Depending on the country, some authorities discourage any temperature taking and/or allow the process with only simple thermometers (as opposed to thermal cameras or other high-tech equipment), while generally prohibiting an employer from processing or storing that data. The Dutch authority, for example, has banned any type of temperature-taking, even with a basic thermometer, and has threatened fines for violators. The CSO explains that the manufacturer will not collect or store the data, and will only use the reading to determine whether a person should enter a facility at that time, but security will have to navigate the patchwork of regulations.

The company requires staff to create and maintain a log of everyone with whom they have come in close contact, as well as the circumstances of that contact, such as what was happening and who was wearing a mask. Generally, if people are within 1.5 meters for longer than 15 minutes, it merits an entry into the log. Management recommends that staff use the log in their private lives. Logs are kept private until an ill worker requires contact tracing to determine what other people could have been infected.

Anyone who feels sick, displays symptoms, or even returns from an event or vacation where they came in close contact with people, is encouraged to see a company physician. The organization keeps 14 doctors on staff, which incentivizes workers to seek medical attention, the CSO says. “The doctors are well-versed in COVID-19 and can provide guidance,” according to the CSO.

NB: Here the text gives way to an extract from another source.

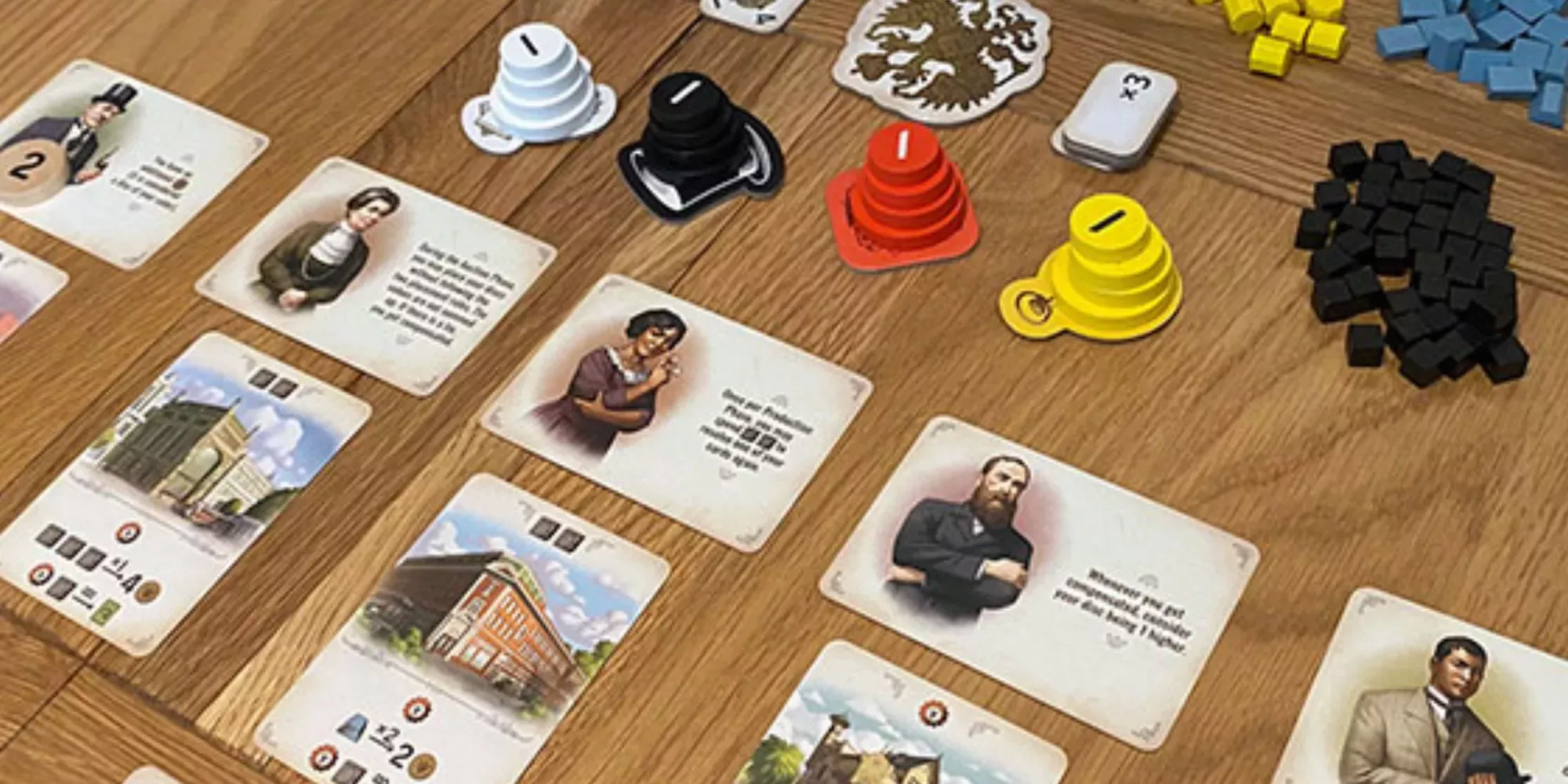 Los jugadores gastan sus beneficios en subastas de cartas, y cuando ganan nuevas cartas (fábricas, minas, empresas, etc.), pueden utilizarlas para procesar materias primas o producir bienes, generando más beneficios. Al final del juego, los jugadores poseerán un vasto imperio de filiales y fábricas con enormes márgenes de beneficio, realmente la mejor grasa para este motor es el sudor de la clase trabajadora.

Confirmed cases remain low, ebbing to 5 but up to 14 as of mid-June 2020. The company assumes that another 105 are infected, so those people are quarantined as well. The CSO expects periodic flare-ups of COVID-19, especially after summer vacation. “In society, people have not kept up their behavioral adjustment,” says the CSO. While people were at first vigilant about applying sanitizer and using shopping carts to maintain social distancing in stores, even when shopping for a single item, those precautions are breaking down.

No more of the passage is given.